───── Given material ─────

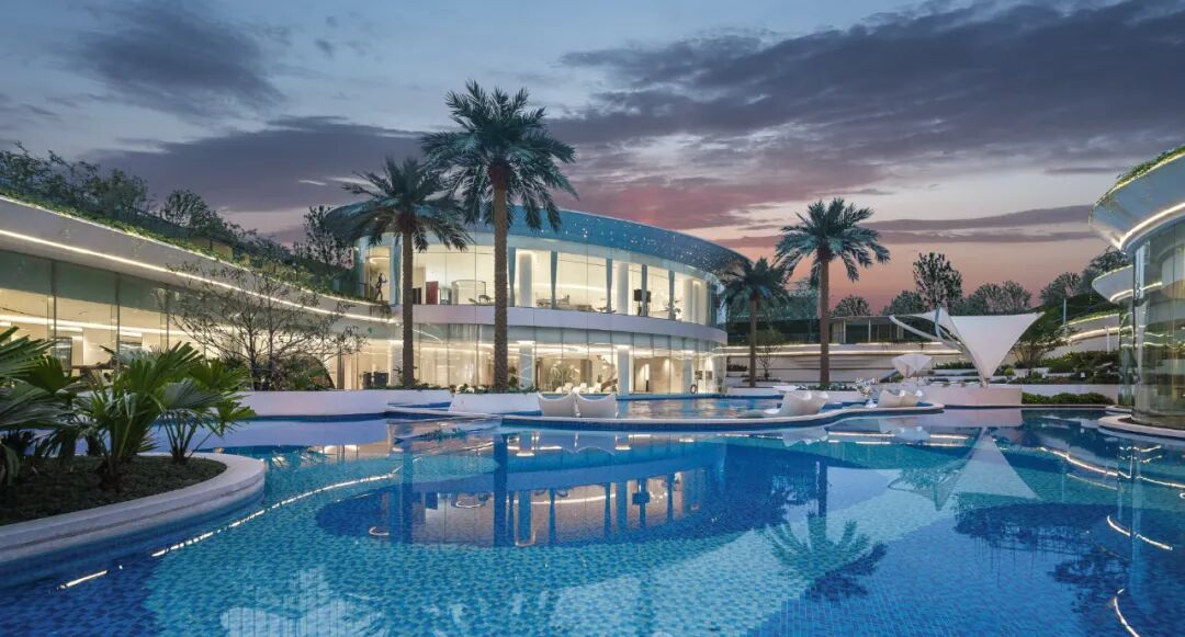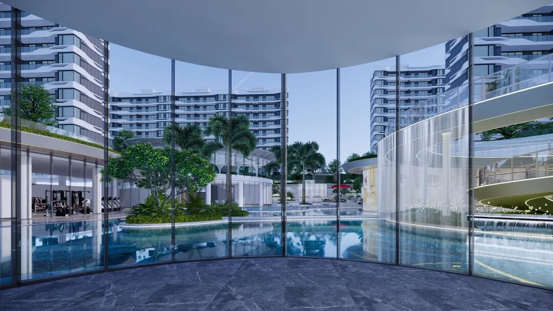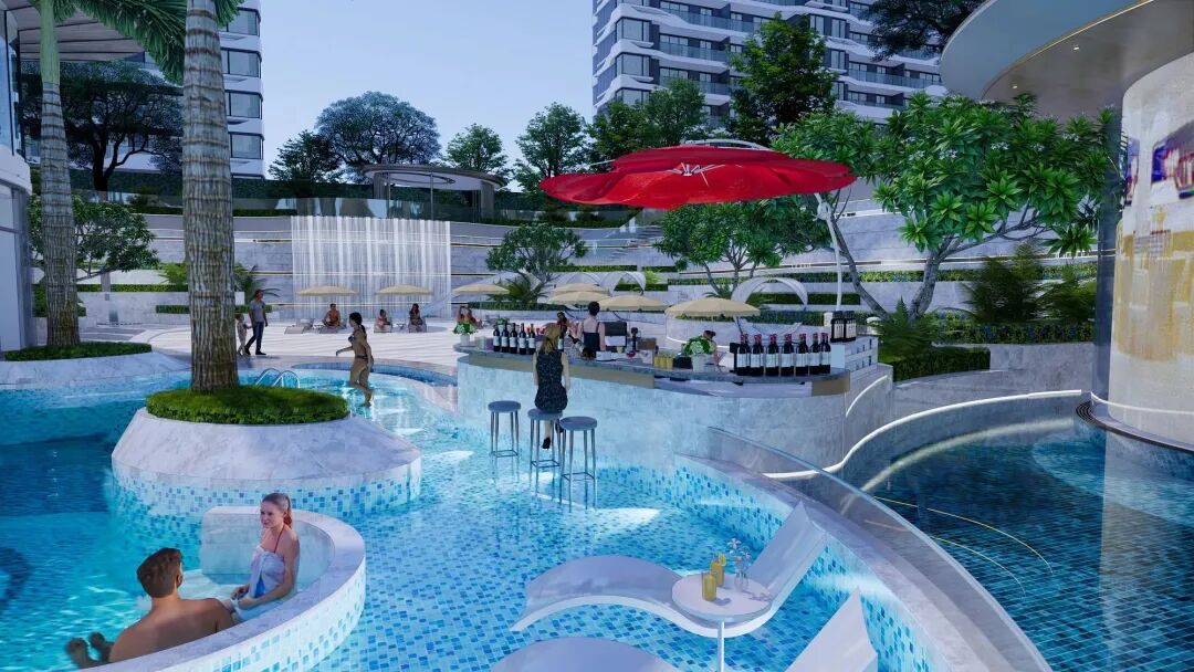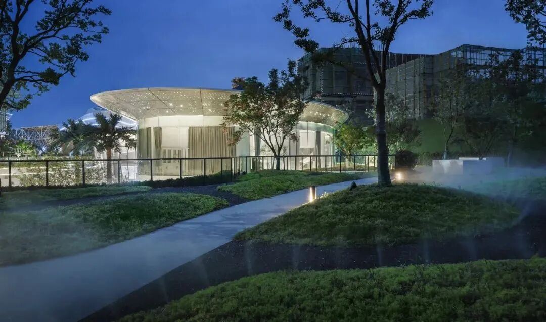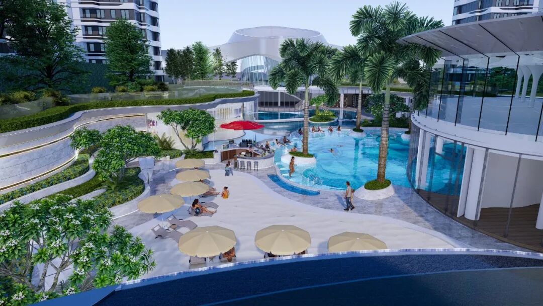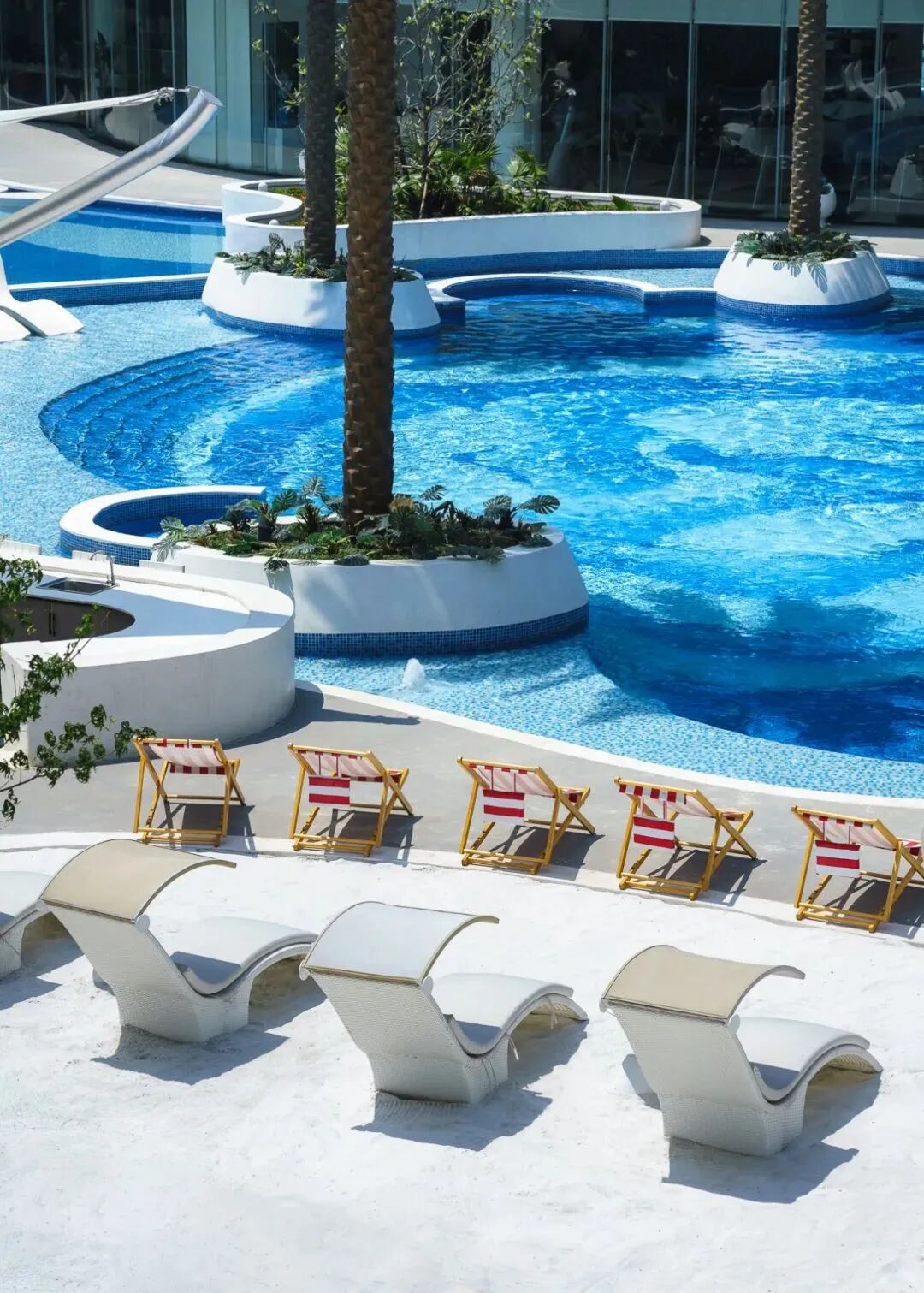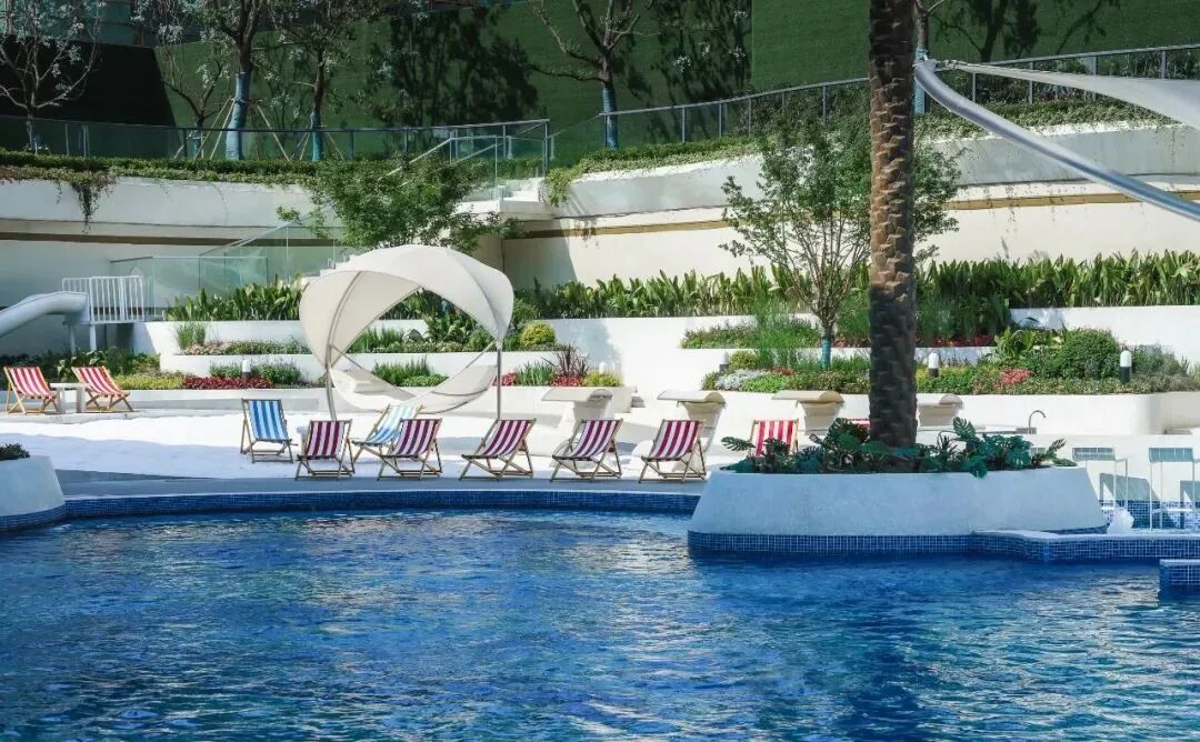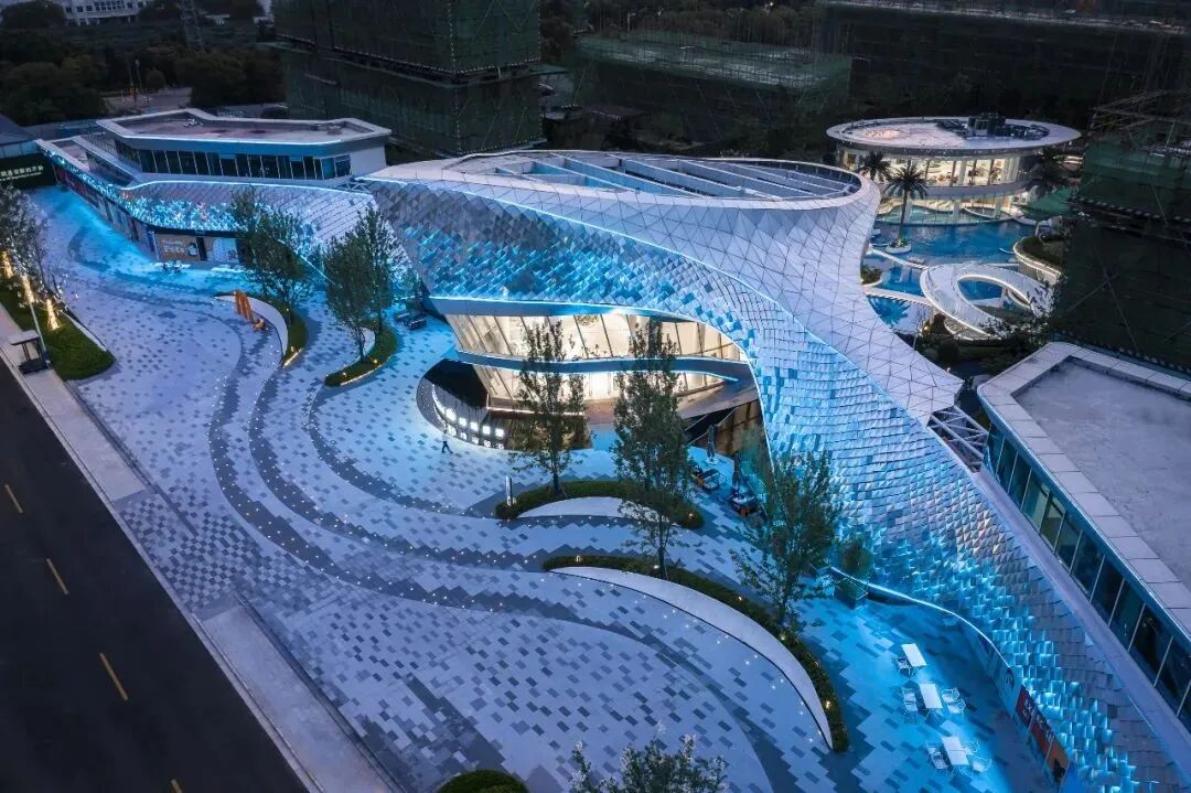 无锡,北倚长江、南滨太湖,被誉为“太湖明珠”。绿地香港 · 安兰诺雅地处无锡市滨湖区马山半岛、无锡的城市后花园、国家5A级风景区,坐拥湖光山色。从风光宜人的太湖获得灵感,结合建筑的游艇造型,将安兰诺雅打造成一片热带海岛风情的度假区。把海浪引到城市当中,椭圆形的汀步和绿岛,如水波荡漾的池底纹样,延续浪花元素。蔚蓝色的水面、白色的硬质铺地、绿色的棕榈植物,渲染着东南亚风情,又为夏日的高温带来一丝清凉。 Wuxi, with the Yangtze River in the north and Taihu Lake in the south, is known as the "Pearl of Taihu Lake". Greenland Hong Kong • Anlan Nuoya is located in Mashan Peninsula, Binhu District, Wuxi City, the back garden of Wuxi City, and a national 5A-level scenic spot, with lakes and mountains. Inspired by the beautiful Taihu Lake, combined with the yacht shape of the building, Anlan Nuoya has been built into a tropical island-style resort. Introducing the waves to the city, the oval-shaped steps and green islands, like the rippling pool bottom pattern, continue the elements of waves. The azure water surface, white hard paving, and green palm plants present a Southeast Asian style and bring a touch of coolness to the high temperature in summer.
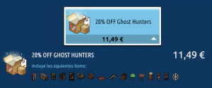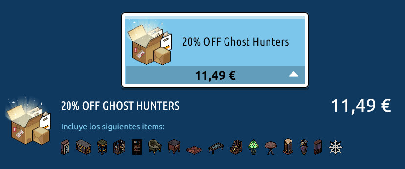 [INT] Oferta: Furnis Caza-Fantasmas Hace 3 años mateo54759 8 Popular Archivada Información de la publicación Publicada: 23/10/2023 16:04:56 H.P.E. Actualización: 26/10/2023 14:00:51 H.P.E. Autor: mateo54759 Último comentario:@ngelytox Ir Visitas: 497 Información general Nombre: Furnis Caza-Fantasmas Descuento: 20% Precio: 11,49€ Ítems exclusivos: No Placa por compra: Sí Fecha de inicio de venta: 23/10/2023 Fecha de final de venta: 26/10/2023 Lugar de venta: Habbo Compras Imagen de la oferta Ítems de la oferta Placa de recompensa Oferta Habboween 2023 Cazadores de Fantasmas ¡Verifica esta placa!
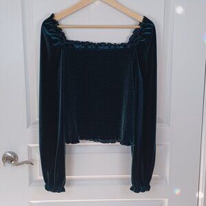 Laundry By Shelli Secal Off Shoulder Top Women M/L Green Velvet Whimsigoth
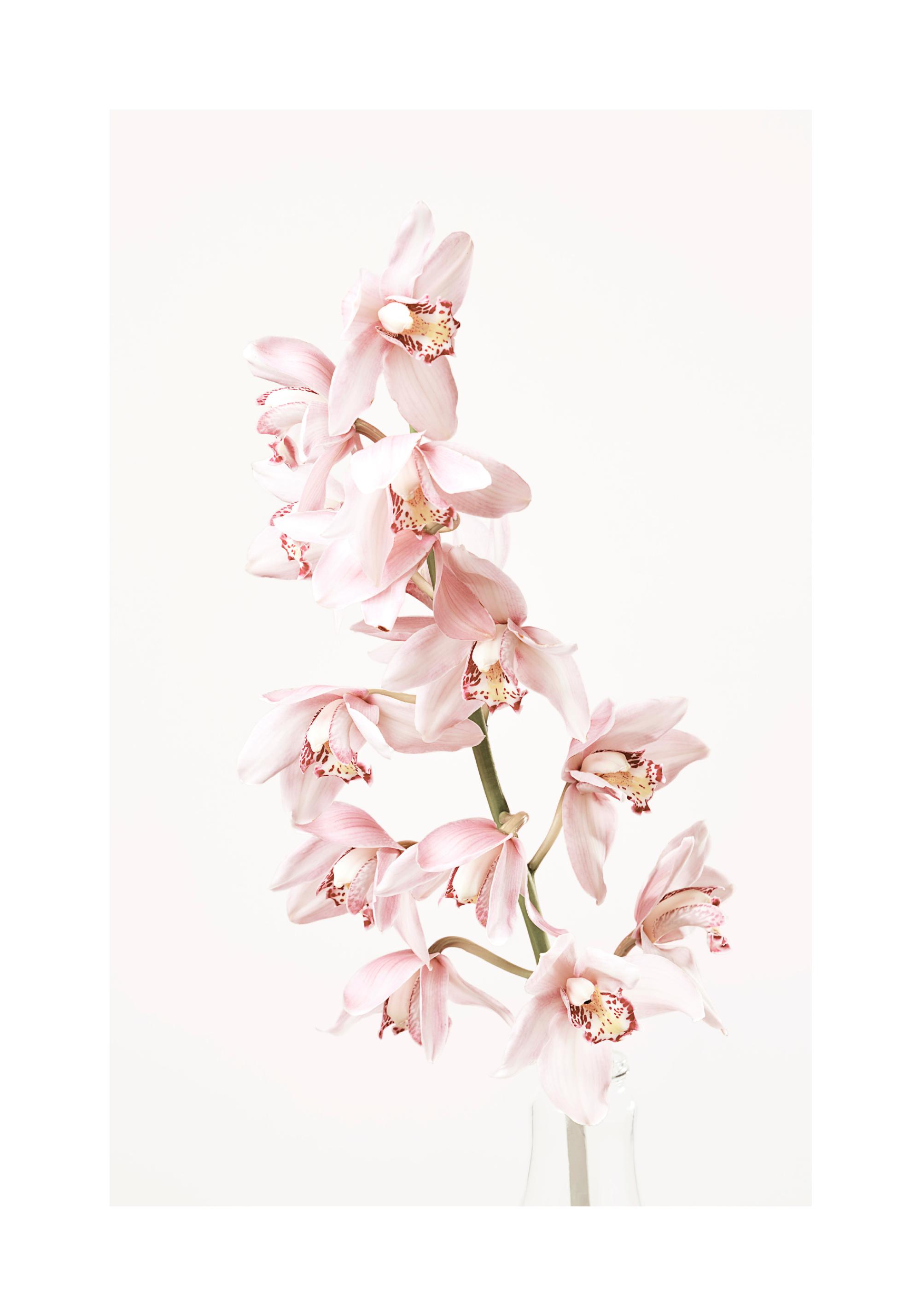 A delicate flower poster of a pink orchid against a light background. The elegant flower represents deep passion and expresses admiration for the recipient`s beauty. This graceful flower looks wonderful on its own as well as in combination with other floral posters.

─────

## [Work instructions]
Write out an exact copy of the lines beginning at the line that contains "[INT] Oferta: Furnis" and ending at the last line of the listing. Exclude pictures.

## [Response below]
 [INT] Oferta: Furnis Caza-Fantasmas Hace 3 años mateo54759 8 Popular Archivada Información de la publicación Publicada: 23/10/2023 16:04:56 H.P.E. Actualización: 26/10/2023 14:00:51 H.P.E. Autor: mateo54759 Último comentario:@ngelytox Ir Visitas: 497 Información general Nombre: Furnis Caza-Fantasmas Descuento: 20% Precio: 11,49€ Ítems exclusivos: No Placa por compra: Sí Fecha de inicio de venta: 23/10/2023 Fecha de final de venta: 26/10/2023 Lugar de venta: Habbo Compras Imagen de la oferta Ítems de la oferta Placa de recompensa Oferta Habboween 2023 Cazadores de Fantasmas ¡Verifica esta placa!
 Laundry By Shelli Secal Off Shoulder Top Women M/L Green Velvet Whimsigoth
 A delicate flower poster of a pink orchid against a light background. The elegant flower represents deep passion and expresses admiration for the recipient`s beauty. This graceful flower looks wonderful on its own as well as in combination with other floral posters.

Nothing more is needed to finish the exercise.